Energy expenditure in obese children with pseudohypoparathyroidism type 1a

A H Shoemaker, J P Lomenick, B R Saville, W Wang, M S Buchowski, R D Cone, A H Shoemaker, J P Lomenick, B R Saville, W Wang, M S Buchowski, R D Cone

Abstract

Context: Patients with pseudohypoparathyroidism type 1a (PHP-1a) develop early-onset obesity. The abnormality in energy expenditure and/or energy intake responsible for this weight gain is unknown.

Objective: The aim of this study was to evaluate energy expenditure in children with PHP-1a compared with obese controls.

Patients: We studied 6 obese females with PHP-1a and 17 obese female controls. Patients were recruited from a single academic center.

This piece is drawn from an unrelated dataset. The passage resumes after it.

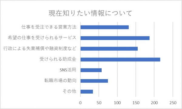 また、今知りたい情報について尋ねたところ、「フリーランス・法人で受けることが可能な助成金について」が全体の63.5%と最も多く、次いで「希望の仕事を受けられる案件紹介サービスについて」が55%、「行政による失業補償や融資制度、手続き方法について」が45%という結果となりました。現在の不安定な経済状況の中で、多くのフリーランスが自身のリスクに対応するための情報を求めていることが分かります。

Measurements: Resting energy expenditure (REE) and thermogenic effect of a high fat meal were measured using whole room indirect calorimetry. Body composition was assessed using whole body dual energy x-ray absorptiometry. Fasting glucose, insulin, and hemoglobin A1C were measured.

Results: Children with PHP-1a had decreased REE compared with obese controls (P<0.01). After adjustment for fat-free mass, the PHP-1a group's REE was 346.4 kcals day(-1) less than obese controls (95% CI (-585.5--106.9), P<0.01). The thermogenic effect of food (TEF), expressed as percent increase in postprandial energy expenditure over REE, was lower in PHP-1a patients than obese controls, but did not reach statistical significance (absolute reduction of 5.9%, 95% CI (-12.2-0.3%), P=0.06).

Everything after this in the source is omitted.